The lines to extract run from the start of the records through the line with "Самое интересное, что", both ends included; drop the pictures.

═══

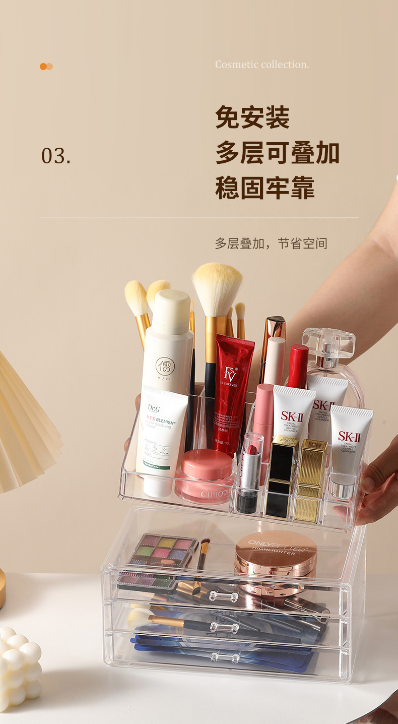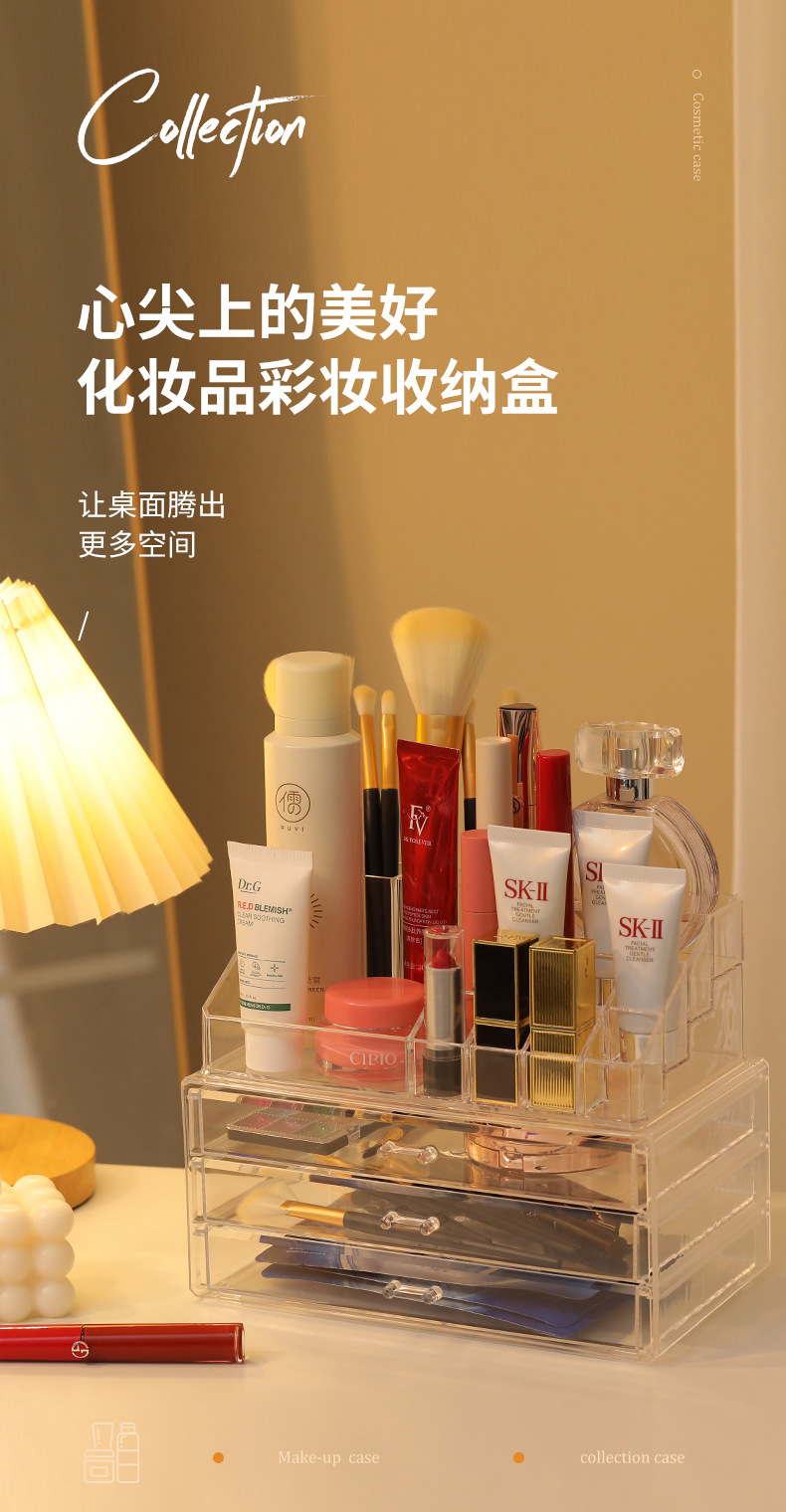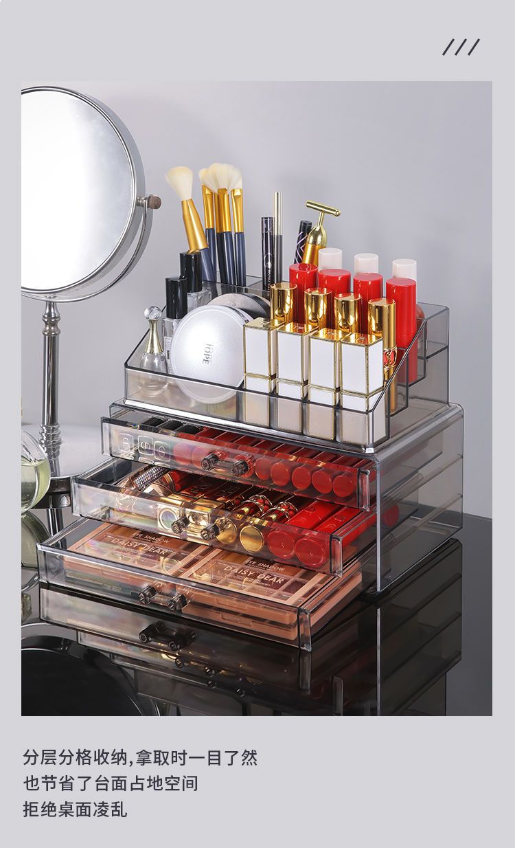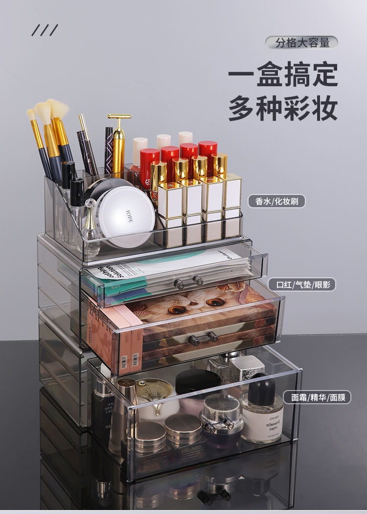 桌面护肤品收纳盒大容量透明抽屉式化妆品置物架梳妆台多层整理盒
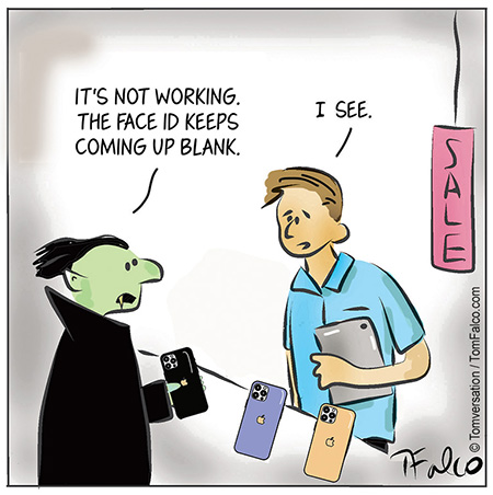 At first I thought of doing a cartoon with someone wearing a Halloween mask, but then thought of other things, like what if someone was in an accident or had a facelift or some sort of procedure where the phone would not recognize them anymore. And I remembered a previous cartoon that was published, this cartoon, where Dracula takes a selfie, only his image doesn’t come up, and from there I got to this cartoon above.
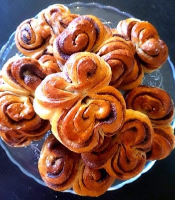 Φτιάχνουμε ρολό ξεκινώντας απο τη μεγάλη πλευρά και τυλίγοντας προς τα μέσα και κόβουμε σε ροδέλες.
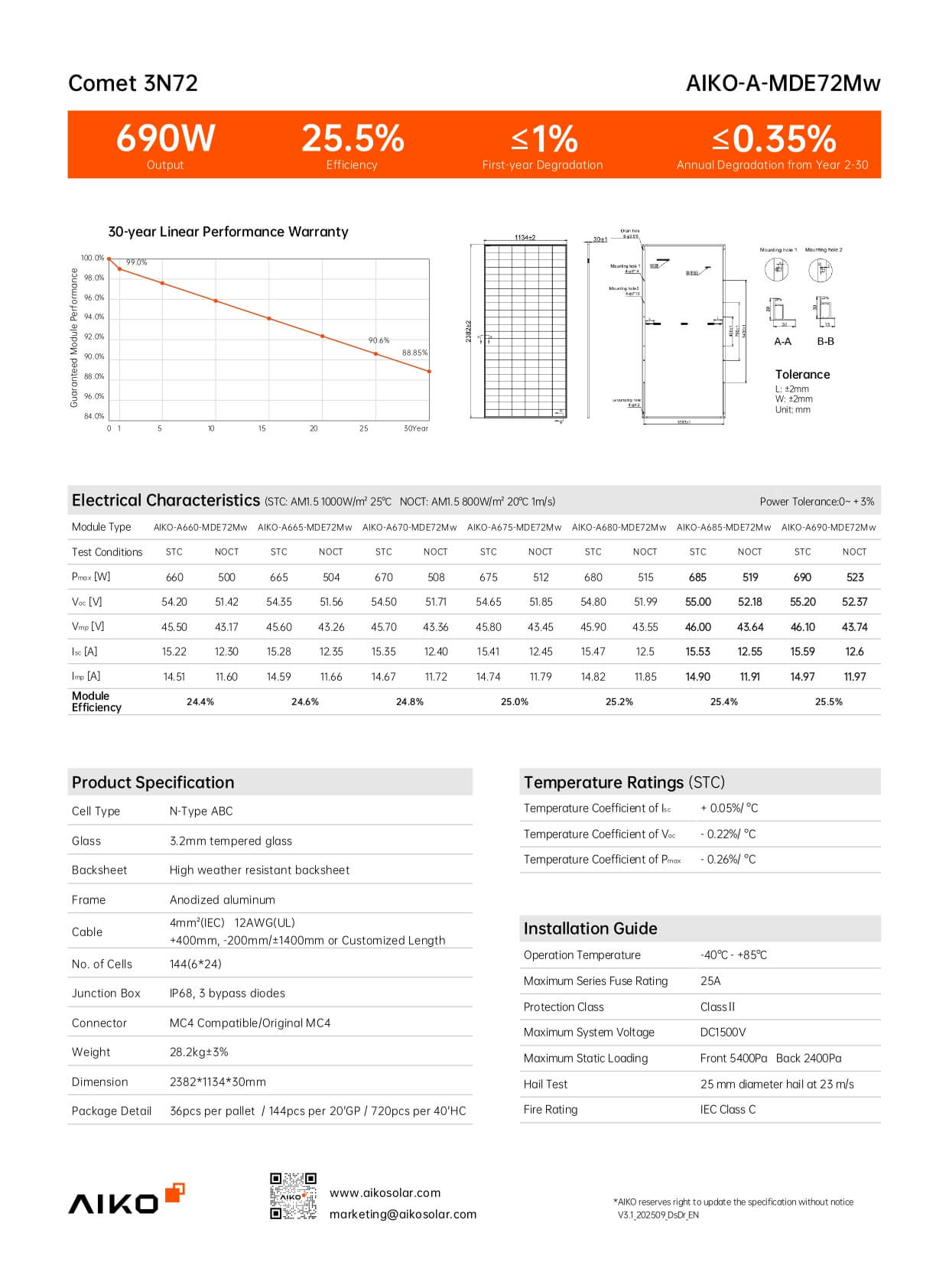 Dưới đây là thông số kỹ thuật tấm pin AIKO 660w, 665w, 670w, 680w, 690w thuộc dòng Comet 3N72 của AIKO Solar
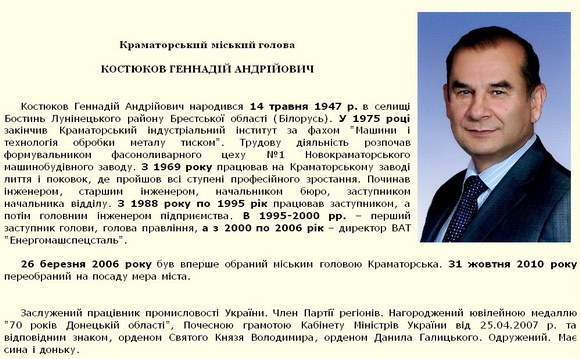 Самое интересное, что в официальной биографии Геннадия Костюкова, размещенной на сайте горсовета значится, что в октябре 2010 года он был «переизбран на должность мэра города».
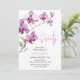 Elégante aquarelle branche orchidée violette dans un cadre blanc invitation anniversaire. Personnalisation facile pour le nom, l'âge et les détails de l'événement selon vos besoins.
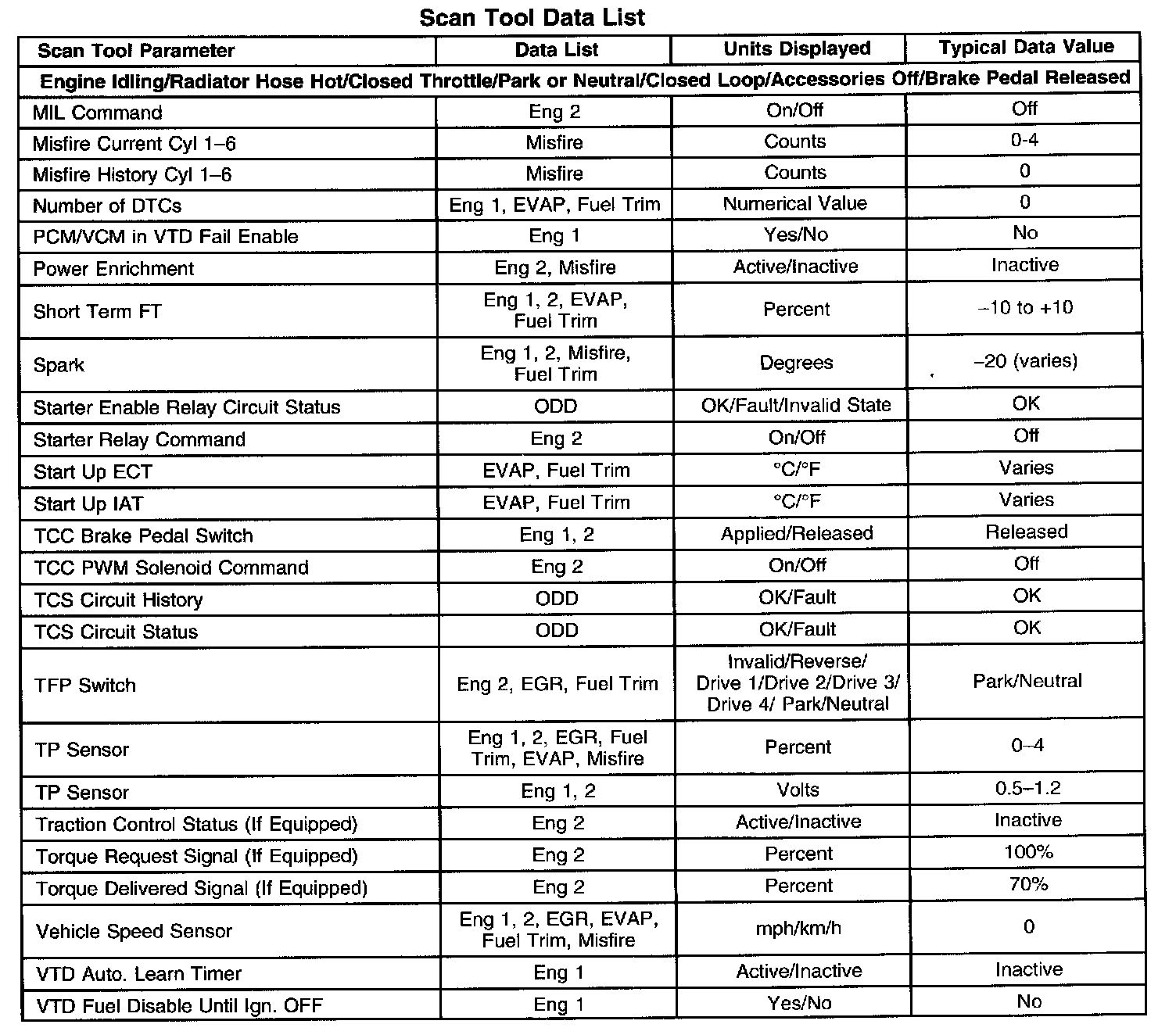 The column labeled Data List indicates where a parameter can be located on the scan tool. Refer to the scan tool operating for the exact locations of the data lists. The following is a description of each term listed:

═══

Exercise result ->
 桌面护肤品收纳盒大容量透明抽屉式化妆品置物架梳妆台多层整理盒
 At first I thought of doing a cartoon with someone wearing a Halloween mask, but then thought of other things, like what if someone was in an accident or had a facelift or some sort of procedure where the phone would not recognize them anymore. And I remembered a previous cartoon that was published, this cartoon, where Dracula takes a selfie, only his image doesn’t come up, and from there I got to this cartoon above.
 Φτιάχνουμε ρολό ξεκινώντας απο τη μεγάλη πλευρά και τυλίγοντας προς τα μέσα και κόβουμε σε ροδέλες.
 Dưới đây là thông số kỹ thuật tấm pin AIKO 660w, 665w, 670w, 680w, 690w thuộc dòng Comet 3N72 của AIKO Solar
 Самое интересное, что в официальной биографии Геннадия Костюкова, размещенной на сайте горсовета значится, что в октябре 2010 года он был «переизбран на должность мэра города».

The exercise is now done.